‘Je gebruikt hem intensief hè?’ De jongen kwam achter de balie vandaan en bekeek mijn vouwfiets van top tot teen. Met de pen tussen zijn zwarte vingers krabbelde hij aantekeningen op een papiertje. ‘Klopt’, zei ik. Hij keek op. ‘Dan is ie ook wel wat onderhoud waard, inderdaad.’ Ik knikte.
Sinds ik dagelijks met mijn vouwfiets naar mijn werk en klussen elders in het land rij, heb ik een vaste fietsenmaker. Geen standaard rijwielenoplapper met een collectie veel te dure tweedehandsjes voor de deur en een lucht van sigaretten in de werkplaats. Hier staat de zaak vol met glanzende racefietsen en design vehicles. Hier hebben de werknemers, ook de jonge jongens, liefde voor hun vak en écht verstand van fietsen.
Zo eens in de vier maanden breng ik mijn fiets hier ter controle. Dan lopen ze hem helemaal door, vervangen de onderdelen die daar aan toe zijn en stellen alles weer optimaal af. Zodat ik er weer een tijd tegenaan kan.
Tot ik deze vlak bij mijn huis om de hoek ontdekte, had ik geen goede ervaring met fietsreparaties. Fietsenmakers, dat waren jongens die het werk deed waar je zelf geen zin in had, maar meestal niet eens de moeite namen om te controleren of ze je euvel daadwerkelijk verholpen hadden. Ze kwamen er altijd weer mee weg, want iedereen kiest toch weer de goedkoopste of dichtsbijzijnde zaak en zulke fietsenmakers gaan echt hun best niet doen om boven de rest uit te stijgen. Dankzij die cultuur heb ik het al meerdere keren meegemaakt dat ik wegfietse en honderd meter verder al weer met een vastlopende handrem of aanlopend wiel werd gefonfronteerd. Toch was ik hardleers. Bleef ik op brakke fietsen rondrijden, dacht alleen op aan de korte termijn.
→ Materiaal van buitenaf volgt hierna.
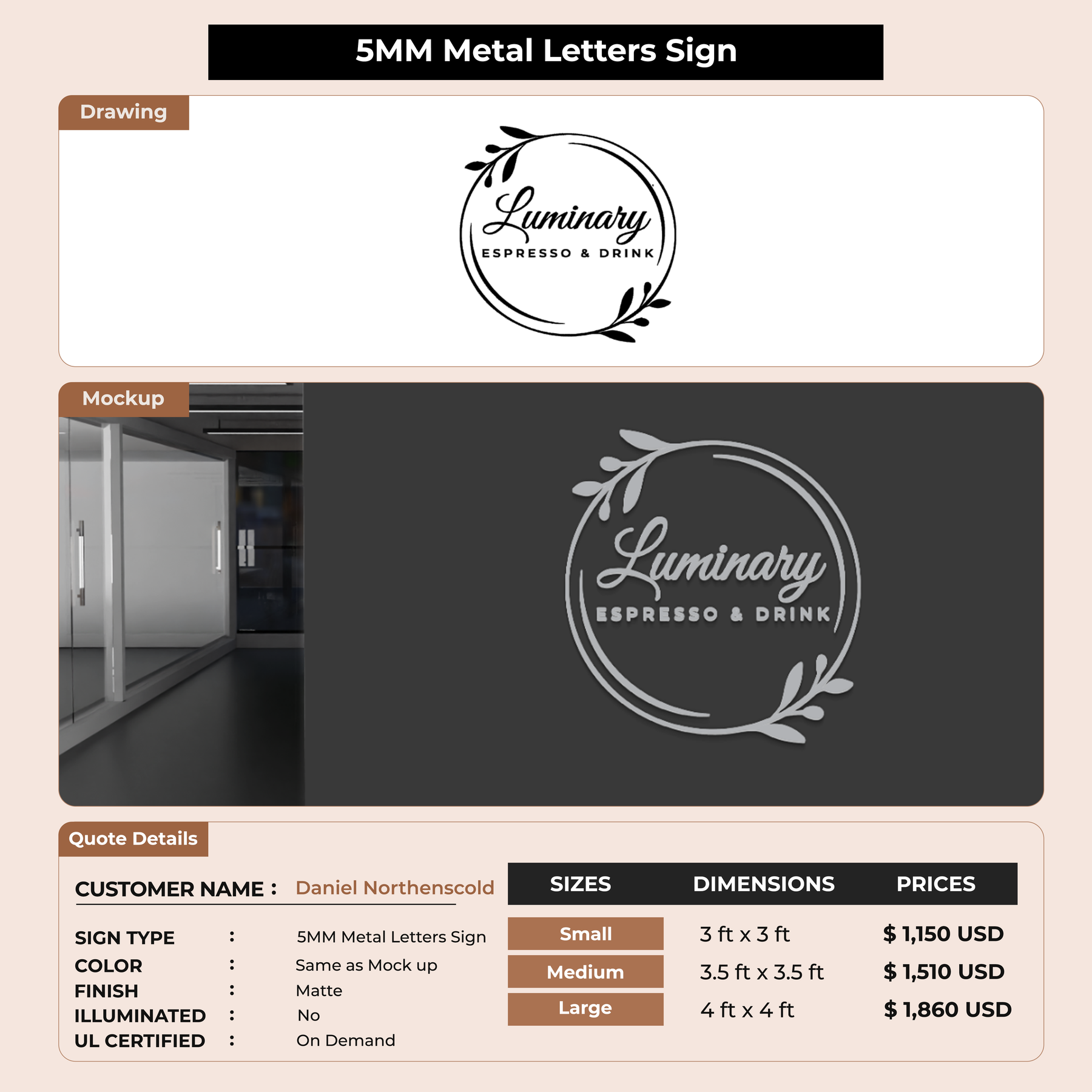 Crafted with premium material, this signage will elevate your business image, precisely mirroring your logo for a professional look.
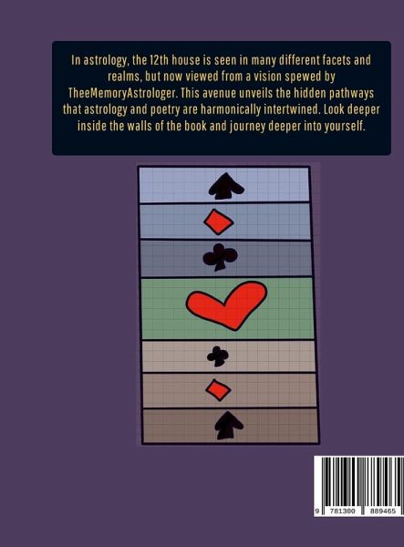 Take a deep dive into a novel notion-Astrology and Poetry mixed! Expression and education in a fresh format. Let TheeMemoryAstrologer guide you deep into the 12th house in astrology and lead you beyond the walls of the book as you explore themes such as imagination, solitude, overcoming obstacles, and finding inner-inspiration. Deep inside the 12th house in astrology are pathways yet to be uncovered. This book unlocks your imagination with words and illustrations that will challenge you to rethink and reimagine the endless possibilities that are buried deep within the 12th house in astrology, and even deeper within yourself.
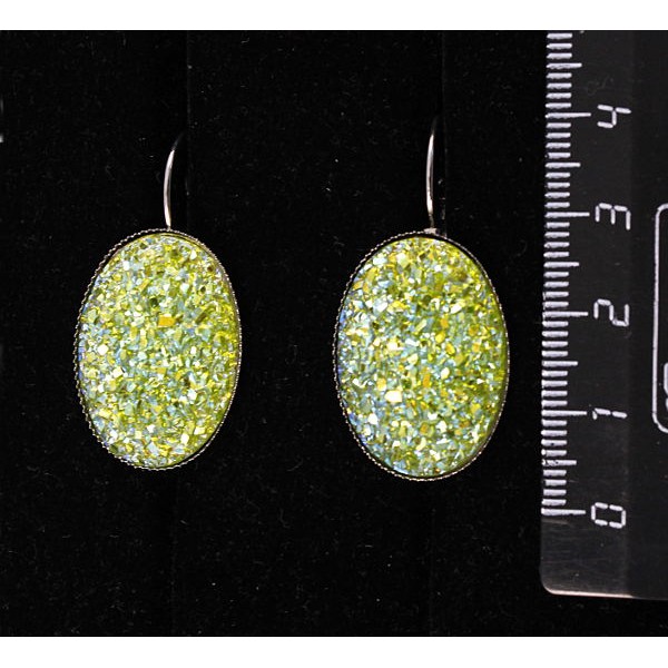 Серьги c кабошоном из пластика "щетка кристаллов", цвет салатовый, простой овал 25х18мм, швензы посеребрение
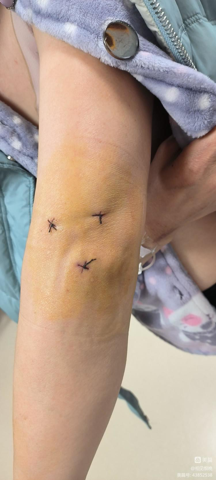 整个手术只有三个小洞洞,一个观察入路监视关节内的情况,两个操作入路清理滑膜,术后患者疼痛性质较术前对比完全改变。患者脸上露出了久违的笑容。
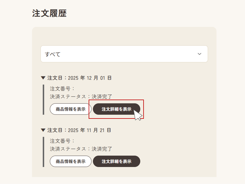 注文番号はご注文完了メールやマイページからもご確認いただけます。
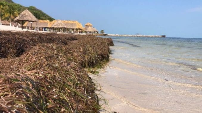 Pasto marino invade playa bonita, en Campeche

Tegenwoordig weet ik beter. Ik zocht en vond de uitzondering. Fietsenspeciaalzaken zoals die bij mij om de hoek. Snel Tweewielers, heet ie. al was ‘Goed Tweewielers’ meer van toepassing geweest. Binnenlopen voor een last-minute reparatie hoef ik niet te doen, tenzij het echt spoed heeft, of ik een schroefje nodig heb. Anders kom ik in de agenda, twee weken vooruit. Zo volgeboekt zit deze fietsenmaker – er zijn meer mensen die begrijpen wat kwaliteit is. Ik hou er rekening mee. Ik heb het ervoor over.
Goedkoop is mijn fietsenmaker ook niet. Vanmiddag rekende ik weer af voor mijn servicebeurt. Nieuwe ketting, nieuw achtertandwiel, wat uurloon erbij. Ik bekeek de rekening, slikte even vanwege het totaalbedrag, maar stelde geen vragen. Kwaliteit mag wat kosten. Tevreden trok ik het reparatiebonnetje van mijn stuur en bedankte de jongen achter de balie. “Graag gedaan,” zei hij. “En tot de volgende keer maar weer.”